For a short time I felt like an idiot as we began our circuits. We stuck to the same route and the idea was not to catch up with the person in front or let the person behind catch up with you. I went first and it took me a few minutes to even think of a song. My mind had gone completely blank. But I heard Homer behind me calling quietly, ‘Come on, Ellie, can’t hear you.’
So in a voice that sounded like a windmill needing urgent maintenance I launched into ‘So Much Water’. And if that wasn’t sad enough I followed up with ‘Revelator’, trying to sound like Gillian Welch. How would she feel, I wondered, if she knew her words were being sung in a paddock ten thousand or so k’s from where she lived, to stop a mob of cattle from rioting?
Behind me Gavin’s tuneless voice gradually grew in confidence, with a chant that had no connection with any song I’d ever heard, except that I’d heard Gavin chant like that before sometimes, when he was tired or unhappy and he didn’t think I could hear him. And then behind him, fainter because he was further away, Homer launched into the kind of stuff Triple J was playing now that Triple J was back on the air.

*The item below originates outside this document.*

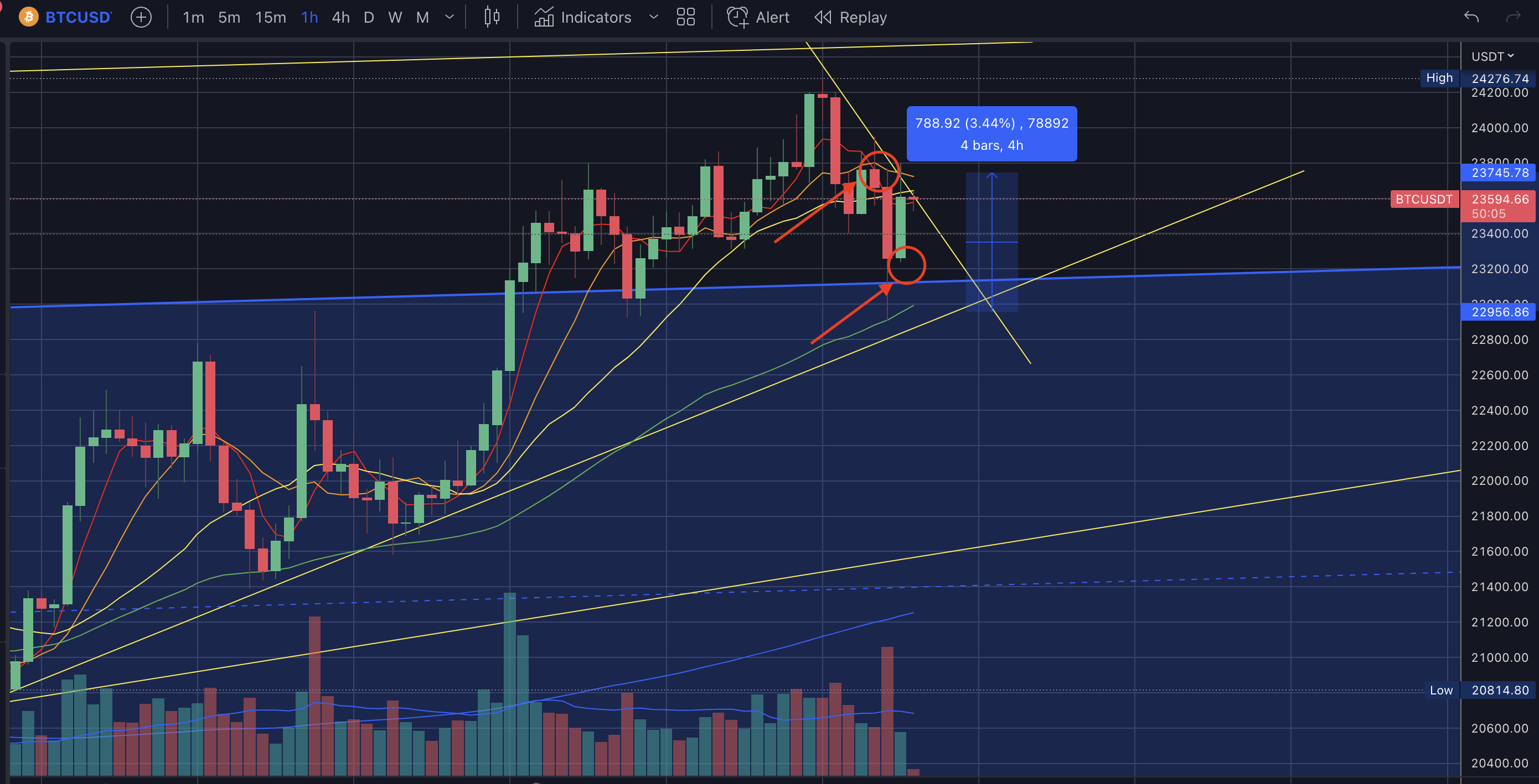 - 거래량도 좋고 채널도 뚫었으나 머스크가 비트코인을 파는 바람에 채널상단까지 왔으나 다시 회복해주면서 `23.5`를 회복해 주고 있다.

In some situations it might have been quite nice doing this. And there were moments when I felt quite nice doing it. But too much had changed in my life. Since the attack on the house I didn’t feel safe out here in the darkness. I didn’t know if there might be another attack, and if there was, what would happen to me. I didn’t want to die. It dawned on me gradually that the murder of my parents might have taught me something I didn’t properly know about before. Oh of course I’d known about fear and felt fear, known what it was like to be scared. But it hadn’t stopped me. Now I felt in my gut that maybe I had a new fear and it would stop me, it was already stopping me. I kept looking around, not at the cattle, but in the other direction, half expecting something to leap at me out of the shadows. And that something was death. I felt lonely so often nowadays, and being out here was like putting myself in the loneliest situation I could find. Like someone with claustrophobia locking herself into a tea-chest for a few hours.